A cold pair of forceps yanks Meili’s cervix forward, then a long needle is inserted into her womb, extracted and measured against a selection of IUDs.

‘I suggest this oval one,’ the nurse says to Meili. ‘It’s a domestic product, and only costs eighty yuan. The Sino-foreign joint venture ones cost two hundred. Go for the cheaper one. With the procedure fee, it will come to 180 yuan.’

‘Oh no! I don’t have that much money on me,’ Meili says, wishing she could close her legs. ‘I thought the IUD would be free.’

‘It’s only free for local residents,’ the nurse replies.

‘Exactly how much money have you got?’ the doctor asks brusquely.

‘Check my pockets,’ Meili says, pointing to her trousers.

The nurse pulls out the cash from the pockets and counts it. ‘Only a hundred yuan,’ she says. ‘Are you sure this is all you’ve got on you?’

‘Haven’t I seen you in the market?’ the doctor says. ‘Do you run a stall there?’

‘Yes. I sell vegetables, herbs and pickles. Look out for me next time you go. All my produce is free from pesticides.’ Meili’s lease on the stall will soon expire, and the market’s manager has informed her that since she doesn’t have an official work permit it can’t be renewed.

‘Well, we’ll do it for a hundred yuan then. I hope you appreciate our leniency. Bring me the oval one, nurse.’ The doctor picks up the IUD with long blunt tweezers, opens the speculum even wider and slides the device inside. As her warm uterine walls tighten around the cold metal object, Meili stares at the two red gulls painted on the wall above the radiator.

The nurse hands Meili an appointment form. ‘You’ll have a follow-up examination three months from now, to check that the IUD hasn’t fallen out or been deliberately removed,’ she says. ‘Any woman who attempts to take out their IUD, even if it’s causing them pain, will be fined five hundred yuan.’

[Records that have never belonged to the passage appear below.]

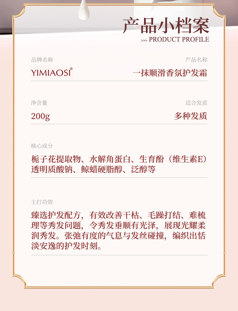 「买1送1!9.9到手2大支」YIMIAOSI一抹顺滑香氛护发霜200g护发素改善干枯毛躁发膜倒膜洗发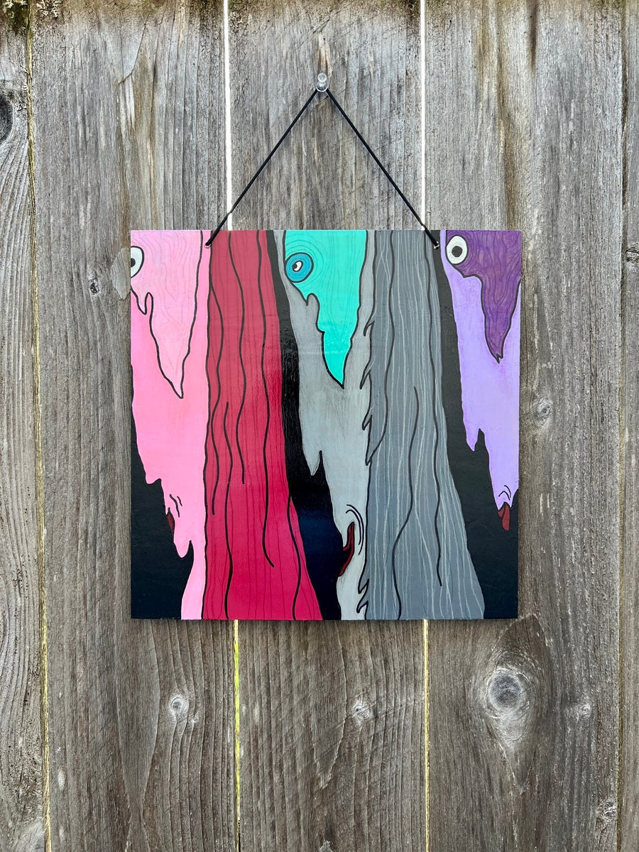 Night after night, Melissa found solace in painting as she immersed herself in the world of murder mystery TV shows. Over time, she amassed a collection of art pieces, each lovingly crafted on reclaimed wood with intriguing grain patterns. Encouraged by her husband, Melissa decided to share her creations with the world.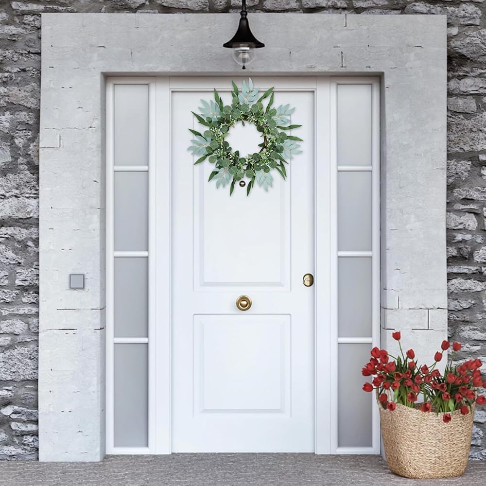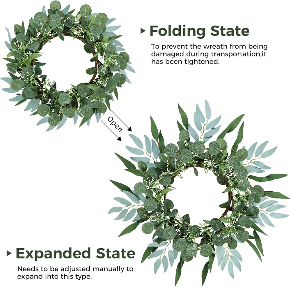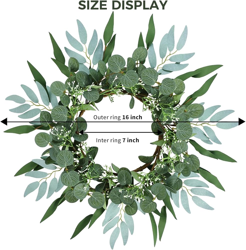 【Perfect Decoration】: The artificial eucalyptus wreath for the front door is suitable for all seasons and is suitable as a wedding wreath, welcome wreath, etc. Of course, it is also suitable for windows, fireplaces, living rooms, porches, living rooms, hotels, center parties, wedding scenes, wedding cars, villas and wall decorations, photography backgrounds, holidays and festival celebrations. It will bring a pleasant atmosphere all year round

‘You may suffer cramps, nausea and light bleeding, but these side effects are usually only temporary,’ the doctor says, removing her face mask and revealing her brightly painted lips.

The nurse continues to fill in the examination report. ‘Did you say her vaginal ridges have flattened out?’ she asks, glancing up at the doctor.

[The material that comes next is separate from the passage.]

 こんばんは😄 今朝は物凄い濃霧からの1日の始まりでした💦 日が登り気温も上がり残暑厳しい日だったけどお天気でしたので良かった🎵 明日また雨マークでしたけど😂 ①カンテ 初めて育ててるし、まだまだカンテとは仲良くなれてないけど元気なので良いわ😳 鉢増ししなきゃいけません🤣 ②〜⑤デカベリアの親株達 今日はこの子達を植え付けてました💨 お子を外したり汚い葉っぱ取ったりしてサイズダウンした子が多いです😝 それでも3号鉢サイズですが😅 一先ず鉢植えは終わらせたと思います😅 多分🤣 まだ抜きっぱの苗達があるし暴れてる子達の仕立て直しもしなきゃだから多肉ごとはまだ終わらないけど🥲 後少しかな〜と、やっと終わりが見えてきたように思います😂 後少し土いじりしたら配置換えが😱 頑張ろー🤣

Meili watches the bloodstained speculum being tossed into the bin and hears her cervix release a last thread of air before closing its entrance gate.

Keywords: Willow Branches,

KEYWORDS: willow branches, dead chick, chicken wings, cotton fluffer, Three Nos, ox in a yoke.

‘COME AND JOIN us, everyone. It’s my daughter’s birthday. Let me fill your glasses so we can drink to her health!’ Kongzi is sitting on a broken, legless office chair he found on the rubbish dump and has tied to a tree trunk with rope. The battery-operated strip light he bought today is suspended from branches overhead, lighting up the plates of food set out on wooden crates.